Lately i've been incredibly lonely. I don't really have friends down here. I spend my days cooped up in either my house or my mom's house with my baby. I love my son, more than anything else in the world, but sometimes i need a break. I haven't had a break from him since my birthday when another very good friend of mine and i went shopping in Brunswick, and that was only for a few hours. I have gone crazy most every day just from lack of social interaction. I have no one to "hang out" with. And i think John is feeling the strain as well because i'm leaning on him more and more.
I have major personality and dependency issues. The few true friends i have know this and still love me for it. But it's hard to make new friends because a lot of times they don't want friends with that kind of baggage. But, if you think about it, we're women. We all have those issues!

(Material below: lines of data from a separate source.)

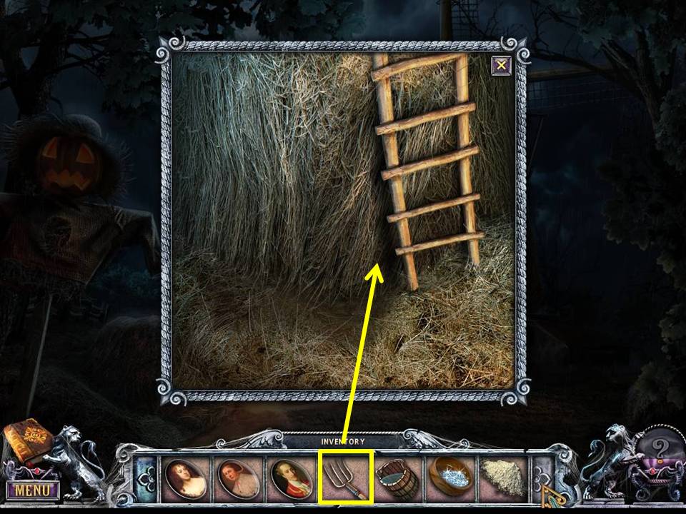 - Search the hay with the PITCHFORK.
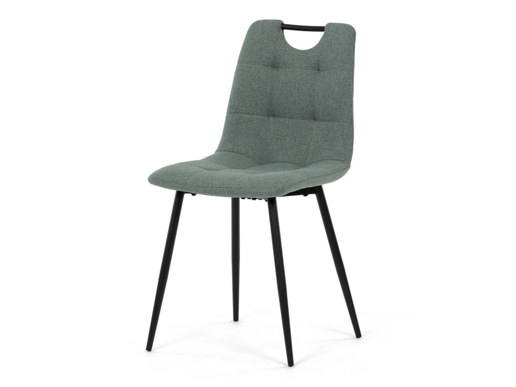 Židle jídelní, madlo, snadno čistitelná zelená látka, černý matný lak, kovové nohy
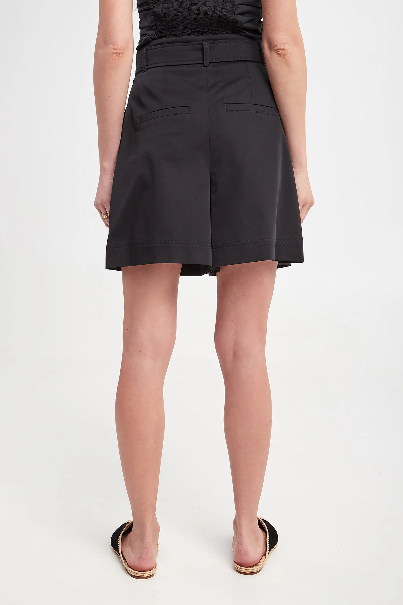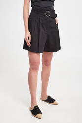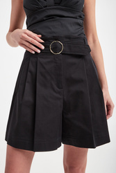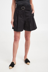 Spodenki marki Marella w czarnym kolorze. Fason typu relaxed fit. Zapinane za pomocą zamka i krytej haftki. W talii dodatkowy pasek ze złotą klamrą. Model z czterema kieszeniami. Nogawki wykończone szeroką lamówką. Na froncie zakładki. Wykonane z bawełnianej tkaniny z domieszką elastycznych włókien.
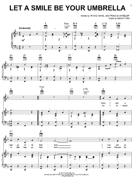 Download or print Irving Kahal Let A Smile Be Your Umbrella sheet music, chords and digital score arranged for Piano, Vocal & Guitar Chords (Right-Hand Melody). This Country score includes 4 page(s).
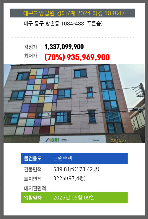 본건은 대구 동구 방촌동 1084-488 푸른숲)
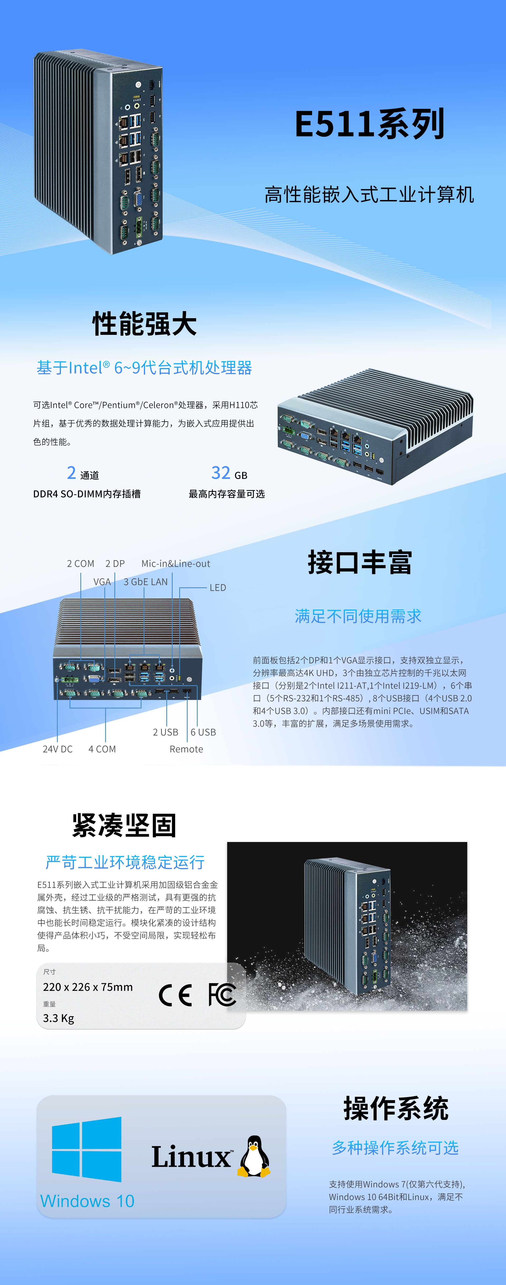 | Expansion | Mini-PCIe | 1 x full-size mini-PCIe, Support WLAN/WWAN module |
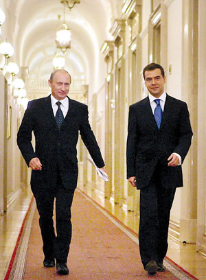 普京在自己的第二任總統(tǒng)任期結(jié)束時欽點(diǎn)梅德韋杰夫作接班人。作為俄羅斯最受歡迎的政治家,普京可望在2012年再度競選總統(tǒng),且如果成功,他可以一直執(zhí)政至2024年。
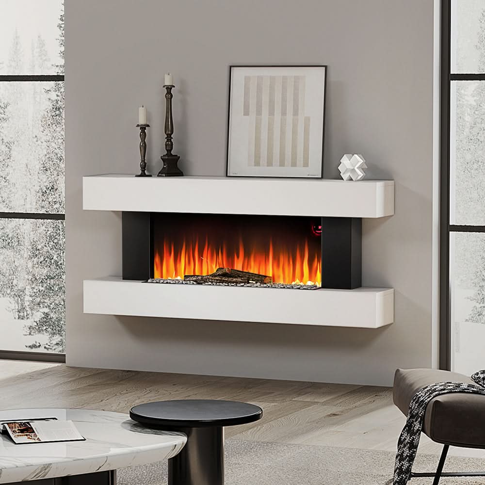 🔥【Modern White Wall-Mounted Design】: Sleek 132cm x 58cm fireplace surround in classic white, seamlessly blending with British interiors. Space-saving wall-mounted installation elevates fireplace ideas for flats or houses.
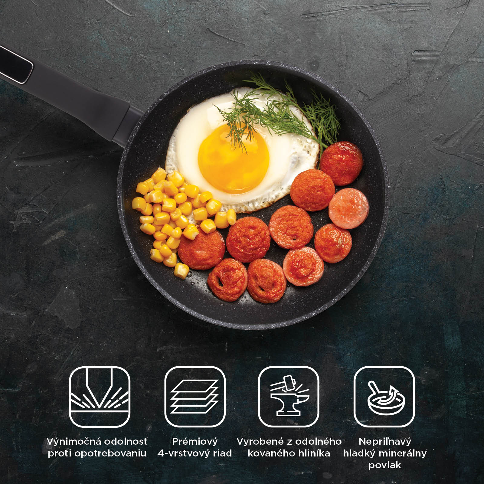 - 4-vrstvový kuchynský riad s nepriľnavým minerálnym povrchom na varenie s menším množstvom tuku a zdravšie jedlá.
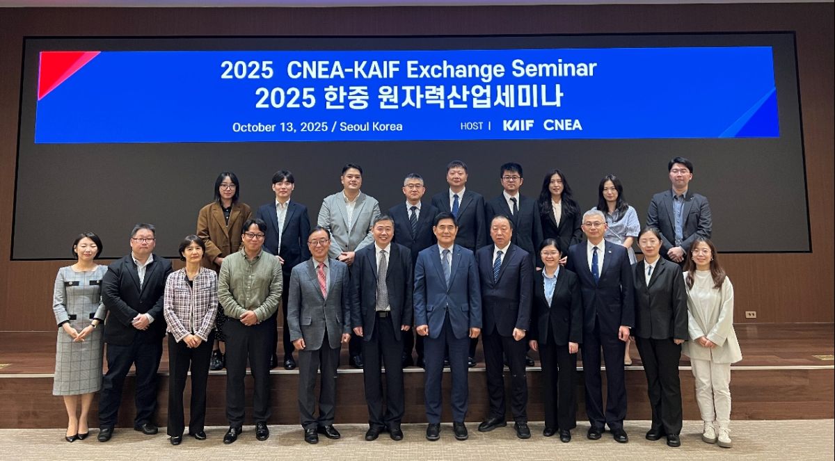 2025年10月13日,由中国核能行业协会(CNEA)和韩国原子力产业协会(KAIF)共同主办的首届中韩核能技术交流研讨会在韩国首尔顺利召开。CNEA秘书长郭利民和KAIF执行副理事长卢百植出席会议并致辞。中韩双方围绕核电装备制造技术创新及核技术在医学领域的应用展开交流与探讨,为中韩两国核领域未来合作提供了新视角。
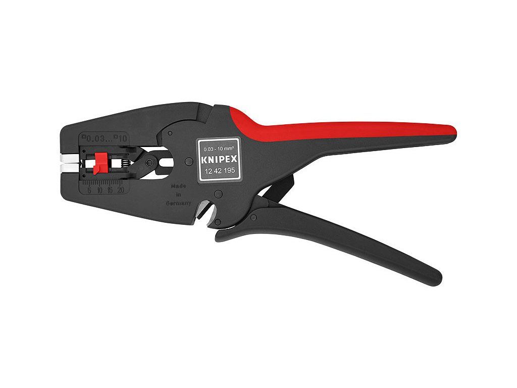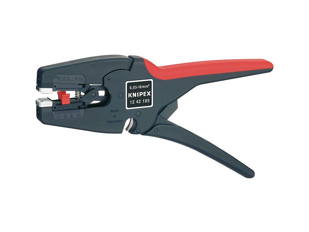 Odizolování bez dodatečného seřízení od 03 do 10 mm?. Univerzální geometrie nožů - robustní a s dlouhou životností. Optimální tvarování rukojetí pro vynikající manipulaci. Ve spodu kleští umístěné nůžky na dráty. Plně automatické přizpůsobení všem jednovodičovým i vícevodičovým kabelům a kabelům s jemnými dráty se standardní izolací v celém kapacitním rozsahu 03 až 10 mm?. Není nutné jemné ruční nastavování. Nedochází k poškození vodičů. Upínací čelisti z oceli přidrží kabel bezpečně tak, aby nesklouzl, aniž by se poškodila zbývající izolace. Ve spodu kleští umístěné nůžky na stříhán kabelů z Cu a Al, vícevodičových do 10 mm? a jednovodičových do 6 mm?. Mimořádně lehký chod mechanismu a velmi nízká hmotnost. Výměnný nožový blok a délkový doraz. Rukojeť se zónou z měkkého plastu pro bezpečné uchopení. Těleso: plast, vyztužen optickými vlákny. Nůž: speciální nástrojová ocel, kalená v oleji.
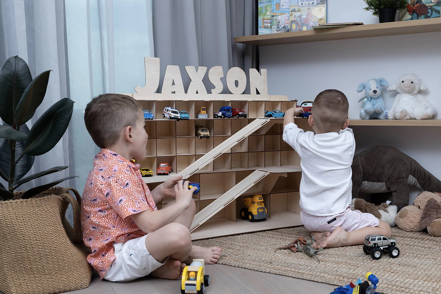 As our boys grew up, their needs changed too. We had a ton of toy cars, and that's when we thought, "Let's make a special shelf for these cars." That's how our big toy car garage came to be.
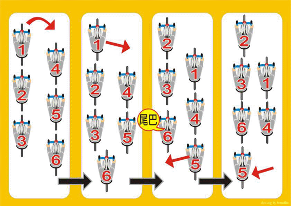 2.同樣道理,〝尾巴〞的口令,即避免退下的人在插回頂風排時不小心落後太
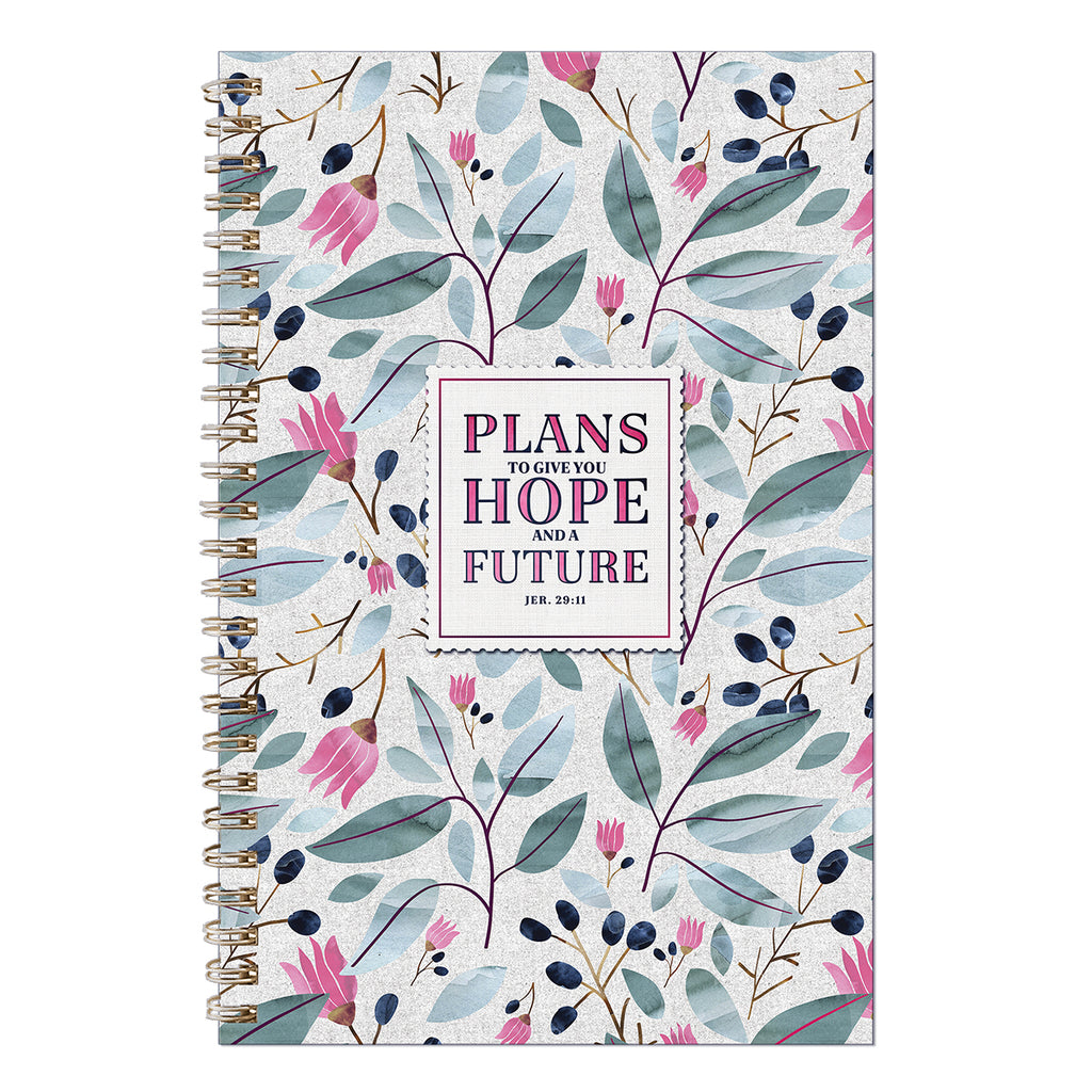 Pen your prayers, takeaways from sermons, reflections, and more in the Plans To Give You Hope Wirebound Notebook. This Christian wirebound notebook features a key portion of the inspiring verse from Jeremiah 29:11, “Plans to give you hope and a future,” and will fill you with hope every time you reach for the Plans To Give You Hope Notebook. Give this Christian gift to a loved one who is graduating from high school or college, starting a new job, or embarking on a new life adventure. The wirebound notebook also makes a wonderful Mother’s Day, birthday, Christmas, or “just because” present.
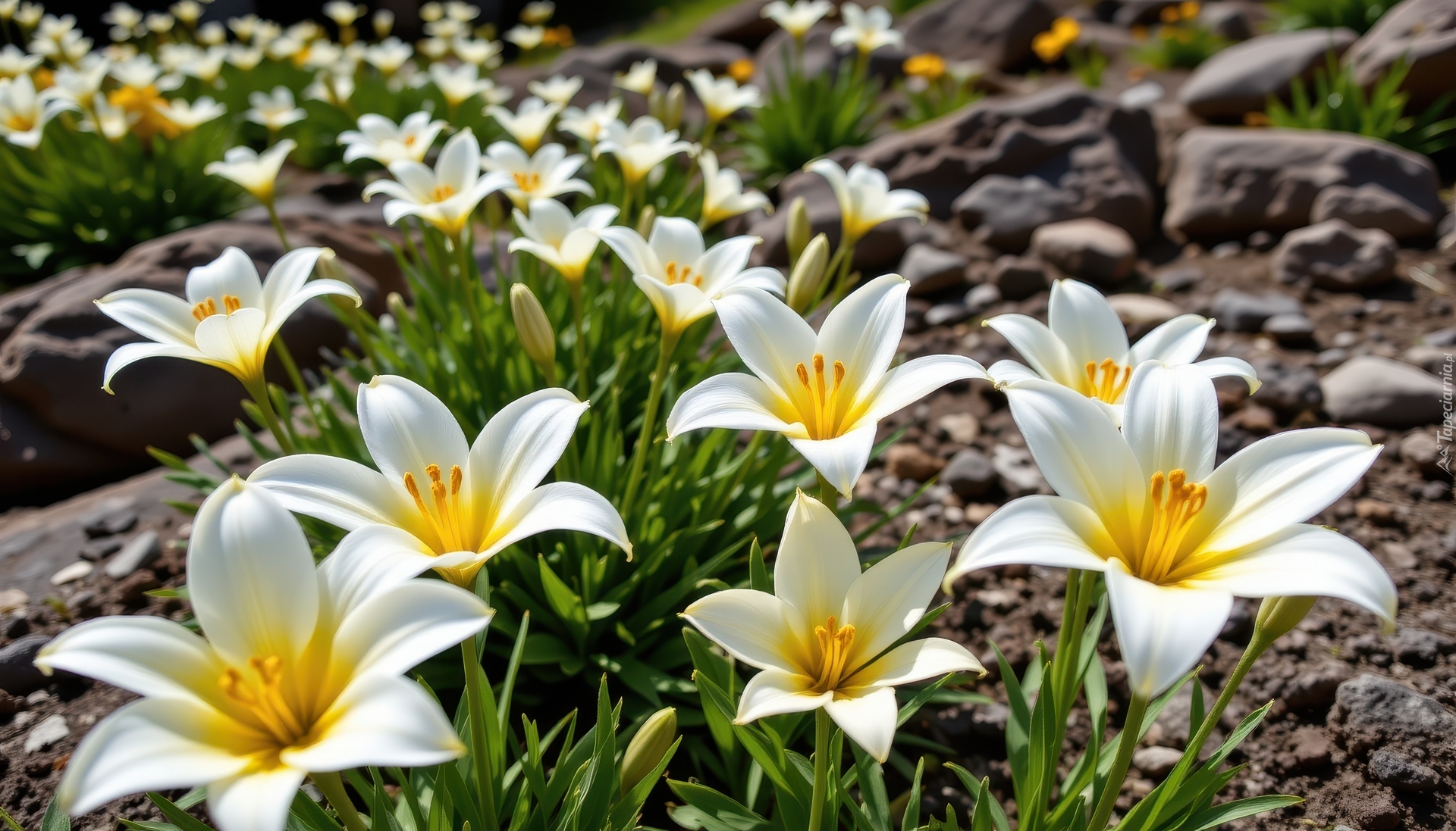 Edytor tapety: Rozkwitnięte białe lilie w blasku słońca
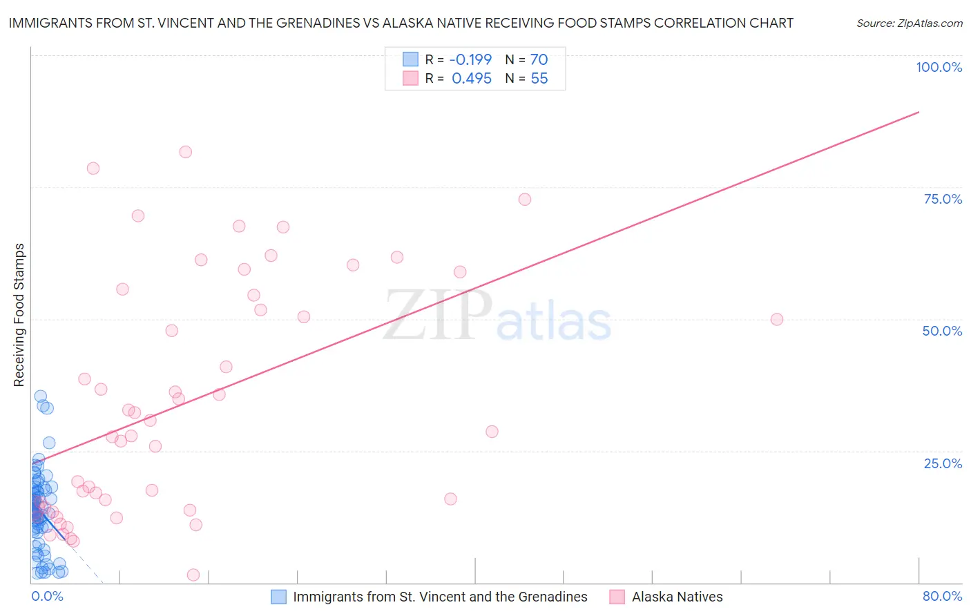 Immigrants from St. Vincent and the Grenadines vs Alaska Native Receiving Food Stamps Correlation Chart
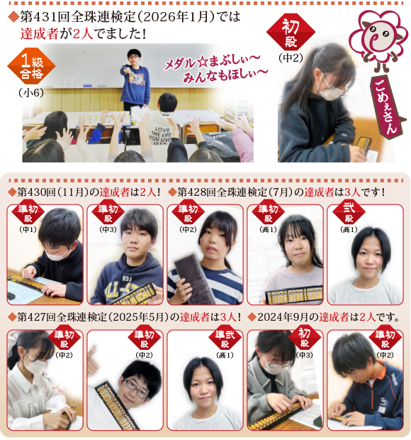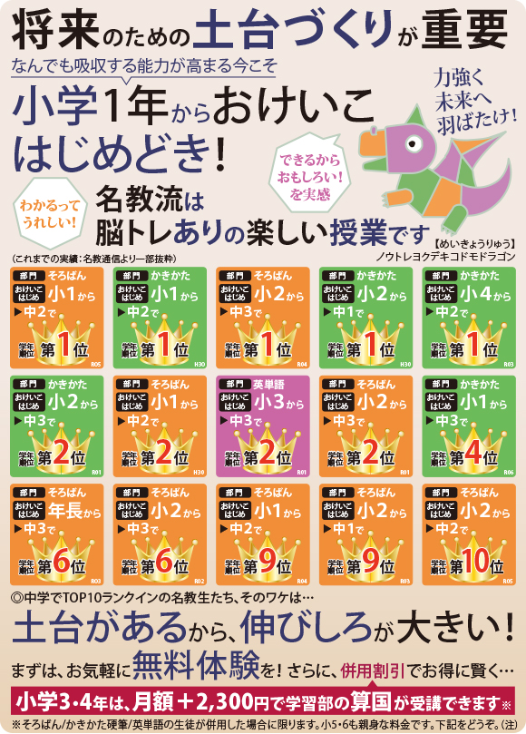 名教学院には様々な部門があり、「そろばん」「かきかた硬筆」といった、お稽古の性質をもったものもあります。それぞれの部門では、生徒の作品を展示する機会や、日頃の努力の成果を発揮する検定などが数多くあります。
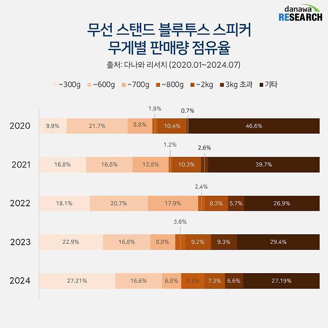 무선 블루투스 스피커 무게별 판매 점유율 차트에서는 어디든지 가볍게 들고 다닐 수 있는 300g 미만대가 27.2%로 가장 높은 점유율을 차지했다. 2020년까지는 ~600g대 제품이 21.7%로 점유율이 더 높았지만, 기술이 발전하면서 제품이 점점 경량화되고 가벼운 무게에도 준수한 음질을 갖춘 제품들이 늘어나 300g 미만 초경량 제품들이 인기를 끈 것으로 보인다.
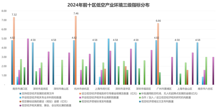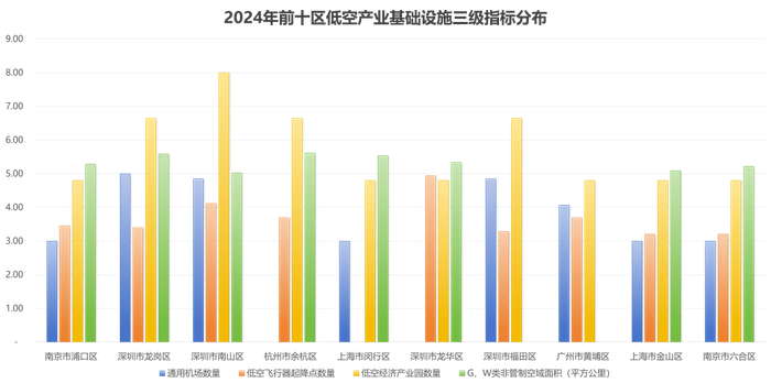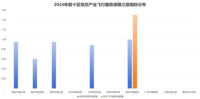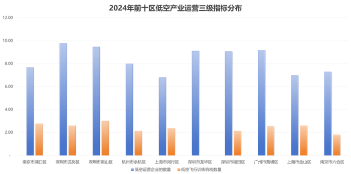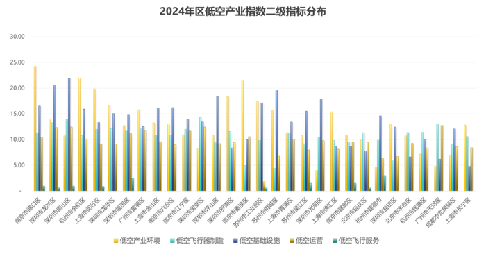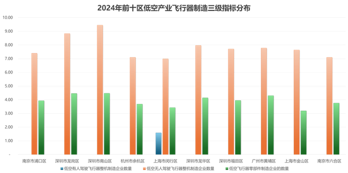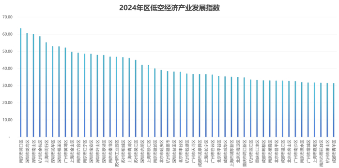 从市辖区的角度来看,南京市浦口区得分最高,其他得分前10位的市辖区为:深圳市龙岗区、南山区、杭州市余杭区、上海市闵行区、深圳市龙华区、福田区、广州市黄埔区、上海市金山区和南京市六合区。深圳、南京、上海等地的市辖区排名靠前,低空经济发展相对领先,但又各有侧重:南京市浦口区、杭州市余杭区在政策扶持、产业生态构建等方面优势明显;深圳市宝安区、南山区在航空制造技术、产业集聚等方面优势明显;深圳龙岗区等则在机场、起降点等基础设施建设较为完备。

Being away is really making me appreciate the few friends i had before. People i thought were aggravating or annoying or geeky before i now look on with new eyes. I appreciate their dorkiness in new ways. And i appreciate my friends all the more.
I am a very social person. I enjoy being out and about and being around people. The problem is, i haven't had that interaction in a long time, not really since i left Emmanuel. I think this is where some of my dependency and personality issues come from. I'm not getting enough social stimulation.
Being an Army wife is not conducive to making friends. People are constantly coming and going in your life. This is one of those times i wish i could just settle some place and be happy. But i know it won't happen for a while.
Friendship is one of the most important things in life. Your girlfriends (or guy friends) are the ones who help you get by, who help you make sense of it all. Without the love of friends we're hollow creatures. I love and cherish the friendships i have, and i do look forward to making new ones.